■ **GIVEN DATA**:
········

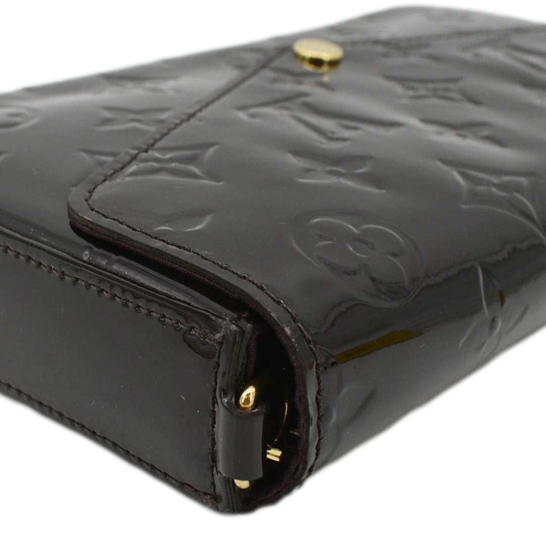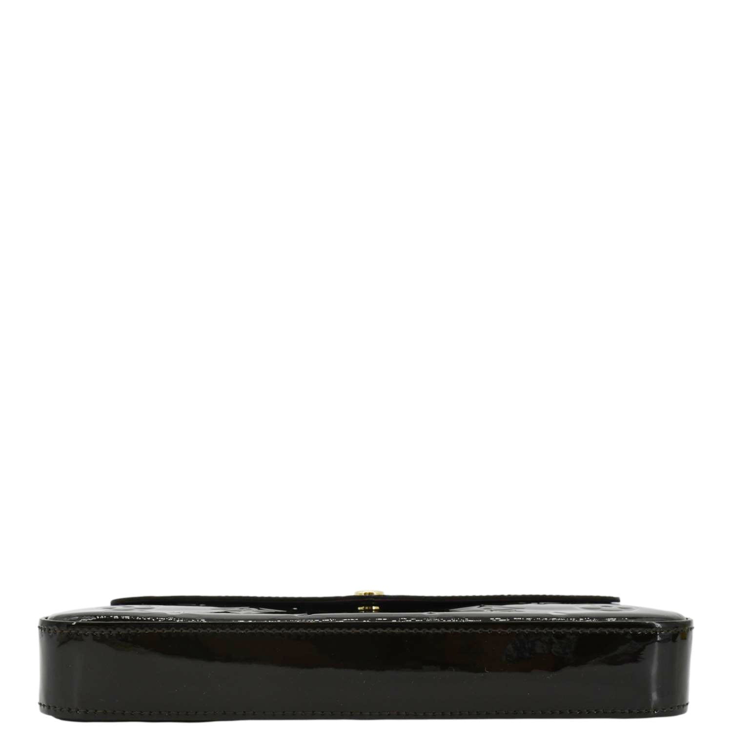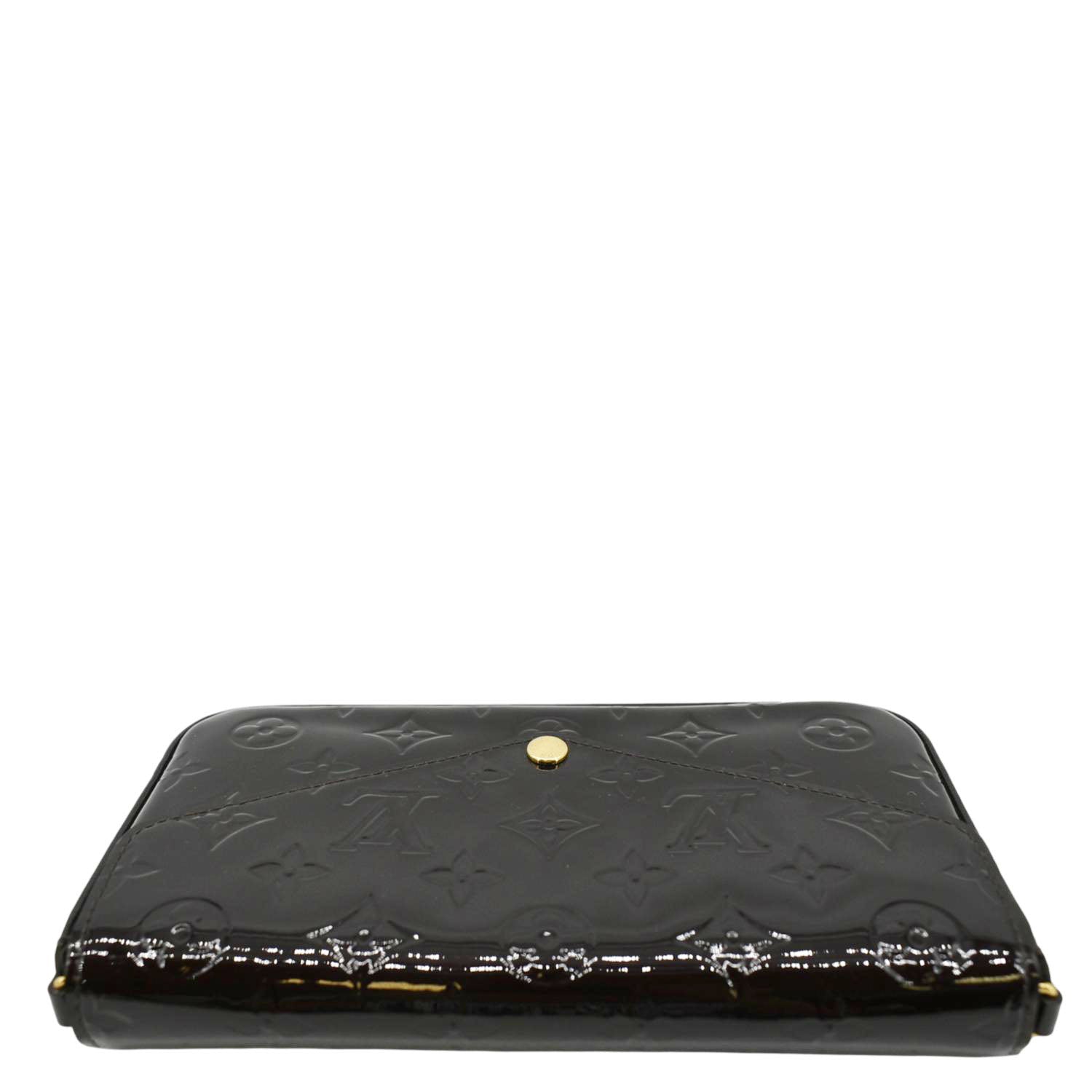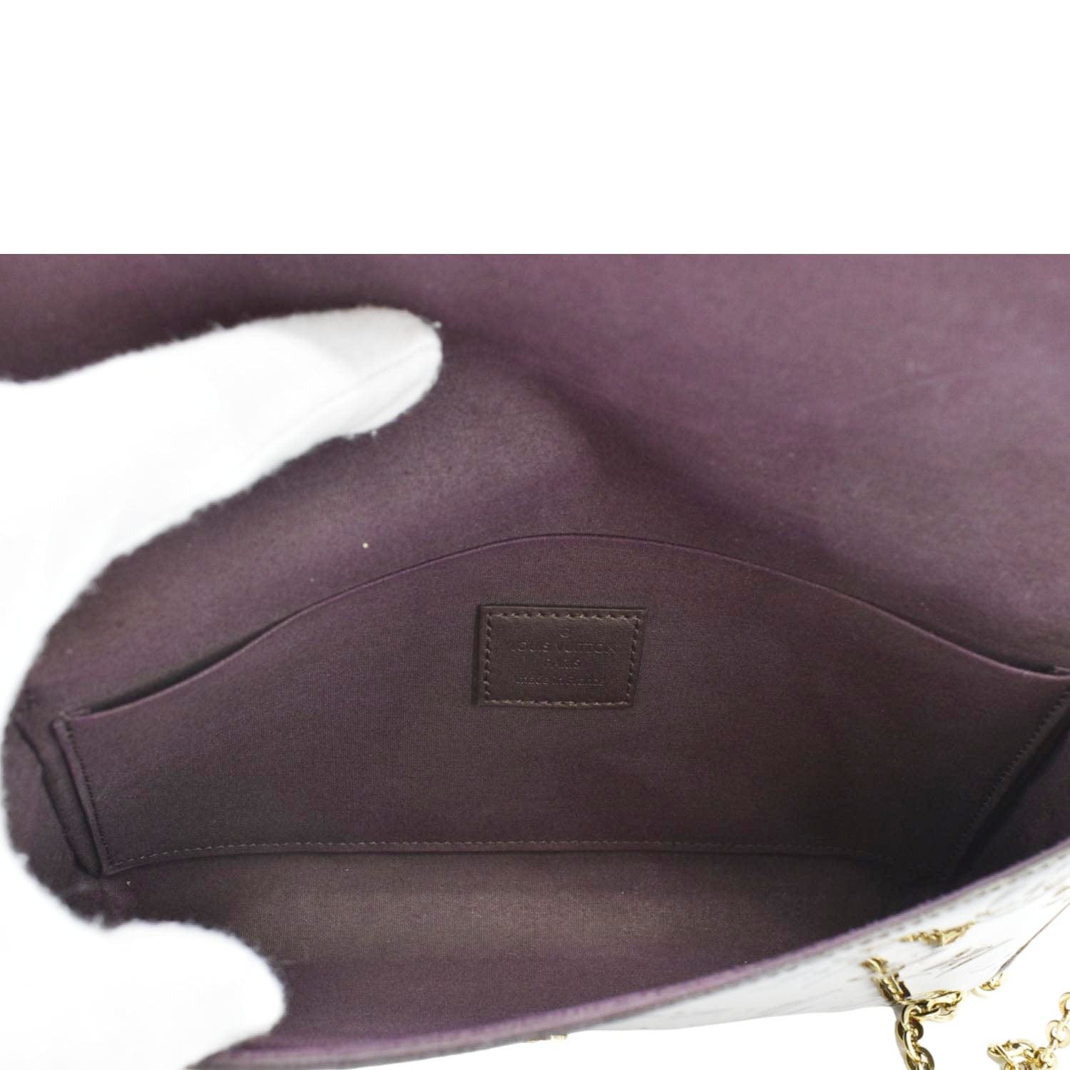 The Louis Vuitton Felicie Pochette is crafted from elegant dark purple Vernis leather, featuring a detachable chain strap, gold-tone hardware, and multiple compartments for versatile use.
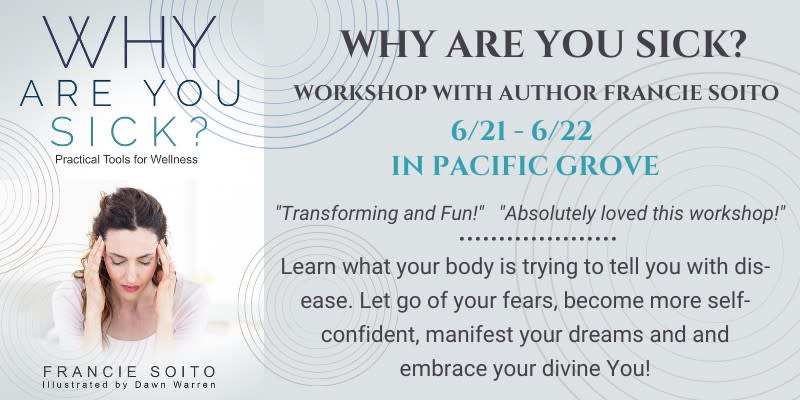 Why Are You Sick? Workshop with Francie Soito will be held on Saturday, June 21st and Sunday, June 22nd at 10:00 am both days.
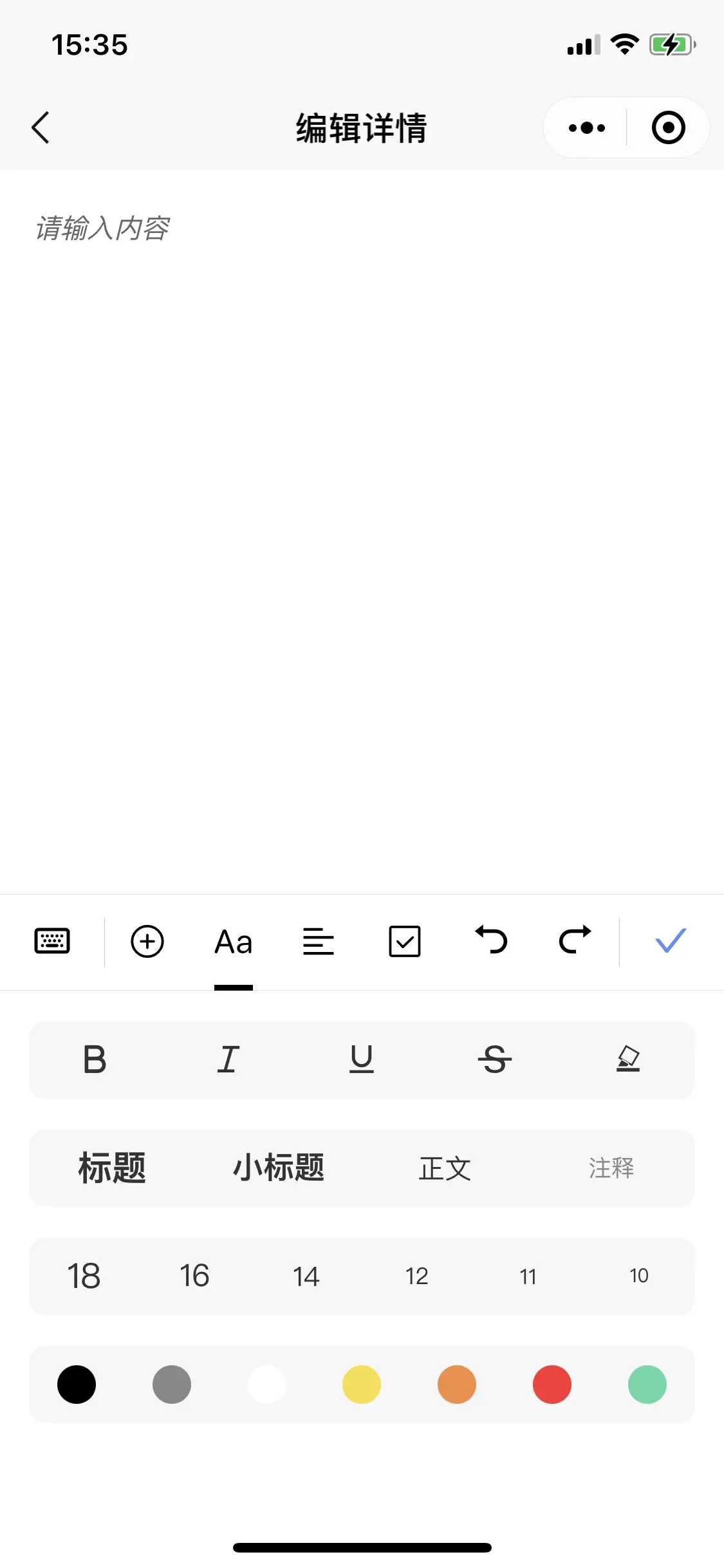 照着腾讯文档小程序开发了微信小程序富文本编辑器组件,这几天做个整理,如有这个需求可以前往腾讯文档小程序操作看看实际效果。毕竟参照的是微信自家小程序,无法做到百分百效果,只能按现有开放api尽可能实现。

········

■ **WHAT TO DO**: Transcribe, word for word, only the material from its opening line through the line containing "Why Are You", both ends included, and omit the pictures.

■ **THE ANSWER**:
 The Louis Vuitton Felicie Pochette is crafted from elegant dark purple Vernis leather, featuring a detachable chain strap, gold-tone hardware, and multiple compartments for versatile use.
 Why Are You Sick? Workshop with Francie Soito will be held on Saturday, June 21st and Sunday, June 22nd at 10:00 am both days.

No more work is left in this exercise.